Finance Minister Keat Chhon told the board the economy is
expected to grow seven percent this year, inflation is expected to be in single
digits, and the government is doing its best to increase its revenues, both
through tax collection and encouragement of foreign investment.
He asked
the board to set up a local representative office in Phnom Penh, and to consider
lowering from twenty to 10 percent the down payment requirement so that Cambodia
can get its ADB loans.
Yang said the down payment requirement is a
critical component of the loans because it showed Cambodia's own commitment to
the projects.
She said the establishment of a full-time office in Phnom
Penh was an understandable request, but the ADB was very tightfisted about such
administrative spending.
Yang said one thing she would bring up at the
ADB board's next meeting was how to improve donor coordination.
She said
although $2 billion in aid had been pledged to Cambodia, only a third of that
has been disbursed, partly because of the government's inability to absorb so
many projects at once and partly because of the large number of donors and NGOs
involved.
"Cambodia is a small country with limited resources, and when
you have to deal with one donor after another it creates quite a strain on a
small ministry," she said.
The board found some examples of overlap in
aid projects, particularly in the power sector, where the Irish, French and
Japanese as well as the World Bank, ADB and others were involved.
"It's
inevitable you're going to have some overlap," said Payne. He said he expected
the overlap to "correct itself," but he also said there needed to be better
coordination among donors and NGOs.
Continuing security and crime
problems were hurting Cambodia's image, said Payne.
"The problems of
violence are much less than in the past. But cars get robbed, hijackings, theft,
that sort of thing. None of this encourages investment.
"I think we're
pretty impressed with the government's basic economic policies, its fiscal
policies, its monetary policies and its controls," said Payne.
"This
country is in a really difficult position, even among developing countries. Our
impression is it's really trying to exert some discipline on its expenditure
side, and on its fiscal and monetary policy side. The real challenge is whether
it's going to be able to mobilize the revenues necessary to cover even its
tightened down expenditure."
The pace of privatization was another area
of concern, said Yang.
She criticized the plan to restructure Electricité
du Cambodge, the state-run electric company, by setting up a way to eventually
seek private investors for electricity generation, while leaving the
distribution network in the hands of the government.
"It's not
ideological. It's a matter of reality. Once it is a state owned enterprise, it
will be very difficult to privatize because you will have created a strong
vested interest," she said. "I would find it difficult to tell the taxpayers
back in the United States that we are funneling funds at no interest to a
country where part of the money is going to establish a state-dominated economy,
creating state owned enterprises," she said.

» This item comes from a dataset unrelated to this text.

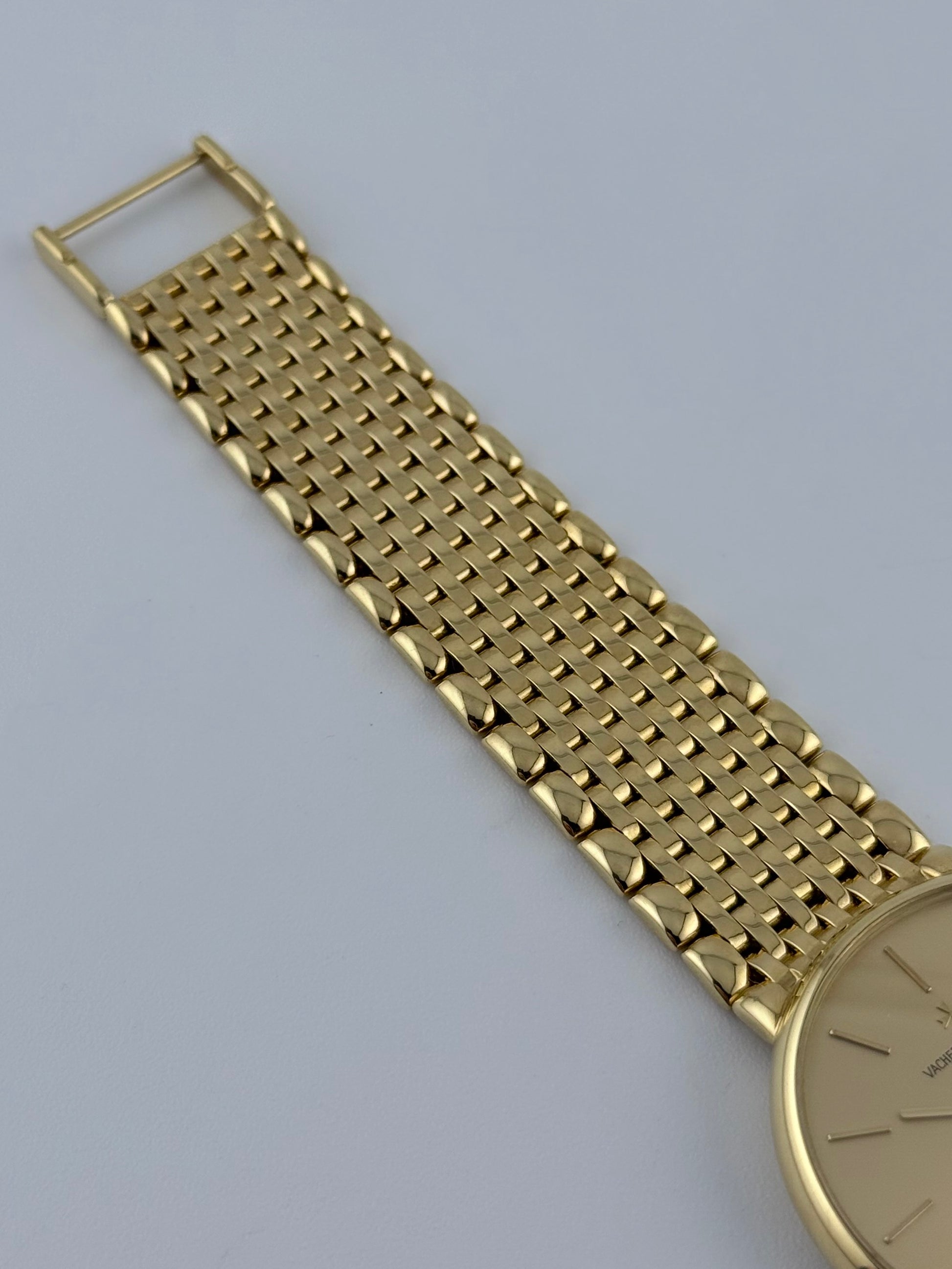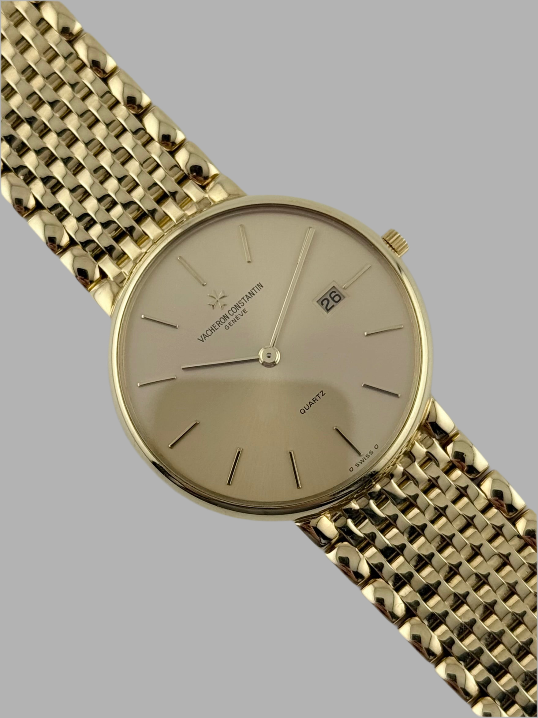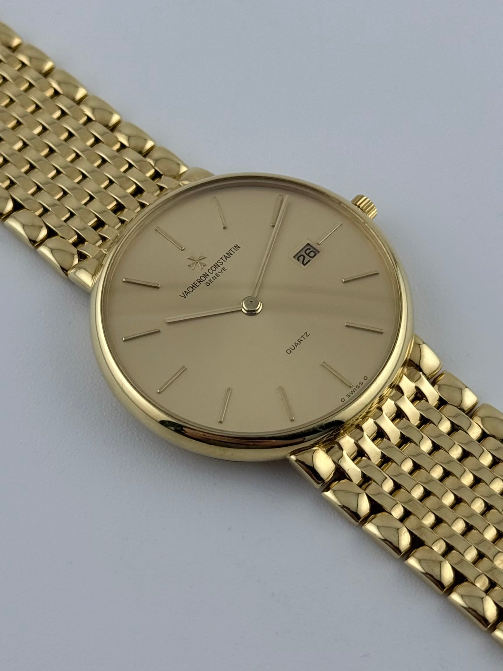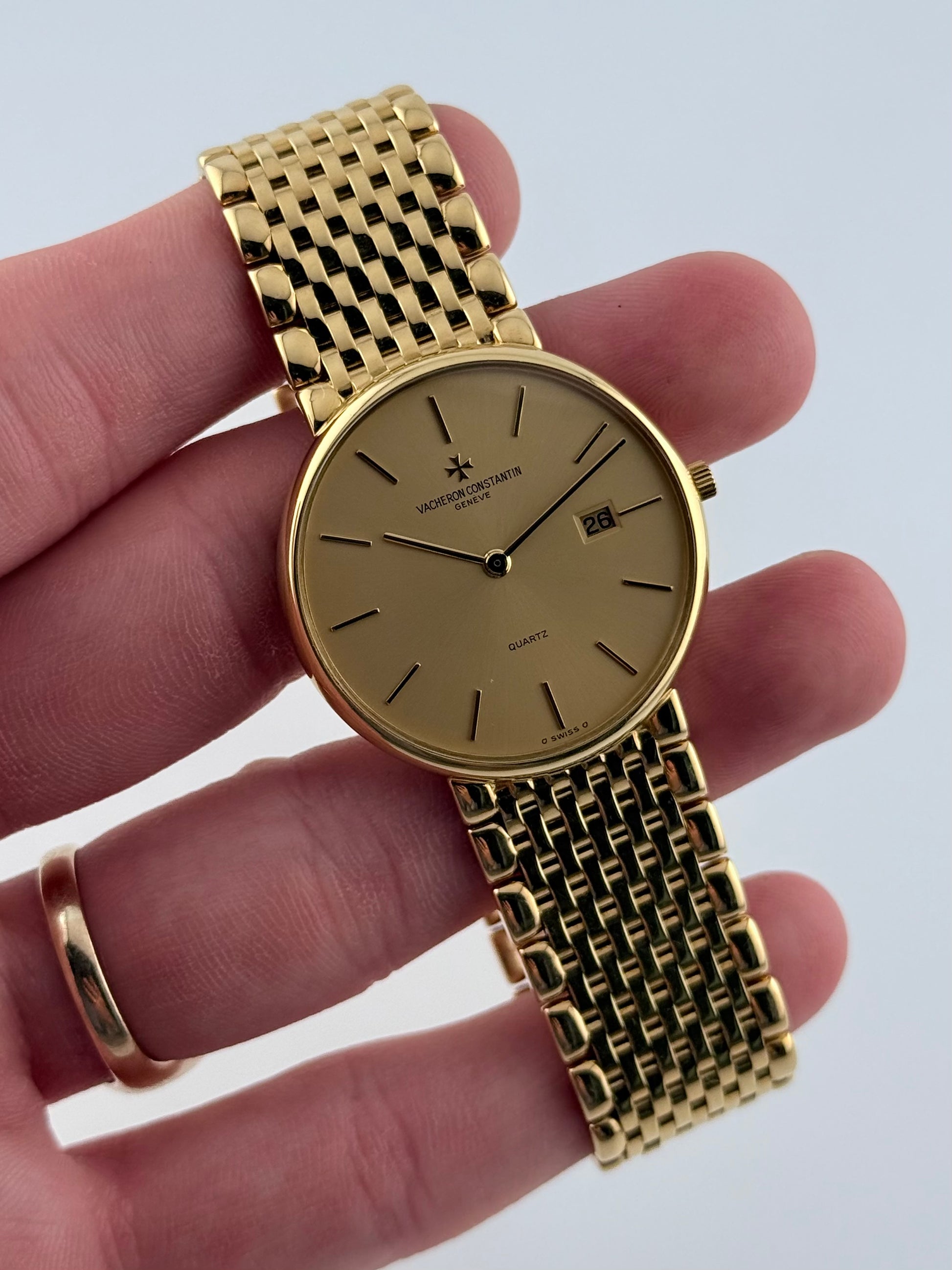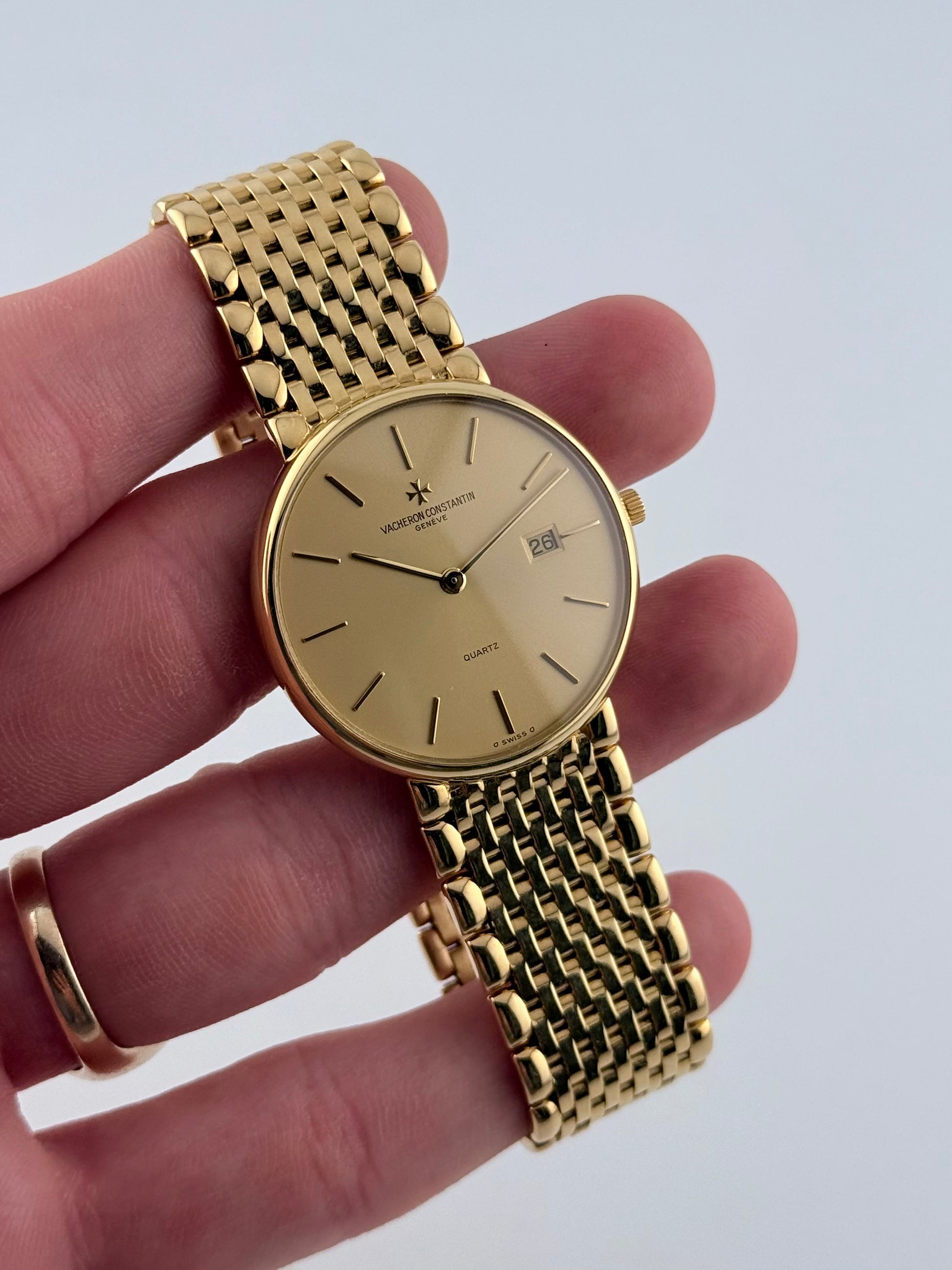 We have for sale an exceptional vintage Vacheron & Constantin Geneve dating back to the 1980s. This classy timepiece features not only a solid 18ct gold watch but also an 18ct gold bracelet. Together with the gold sunburst dial and case back, fine gold indices, hands and a date complication, this incredible watch makes a valuable and special addition to any watch collection. The watch is in excellent condition for its age, running perfectly in every way.

She said that Cambodia had
the opportunity now to create the beginnings of a capital market with its
restructuring of the electric company. "Although investors aren't likely to be
forthcoming right away, once the utility builds a track record of profitability,
there's no reason why its shares couldn't be sold to investors, in particular to
Cambodians who have savings to invest."
Peter McCawley, executive
director of the ADB for Cambodia, said that the purpose of the trip was for the
group to form impressions to take back to their donor countries.
He said
the ADB, whose headquarters are in Manila, keeps a close eye on its projects in
Cambodia, and had at any given time up to ten consultants working
here.
Although the ADB does not get involved in human rights issues, it
had a notion of what it called "good governance," said McCawley. Although the
bank's loans don't necessarily hinge on such issues, it does make its opinion
known about serious human rights issues.
"Any sign of retrogression is
of concern," said Yang. "When you look around the world, when there's more
participation by the people in the governing process, economic development does
get around faster. That means more stability and more prosperity.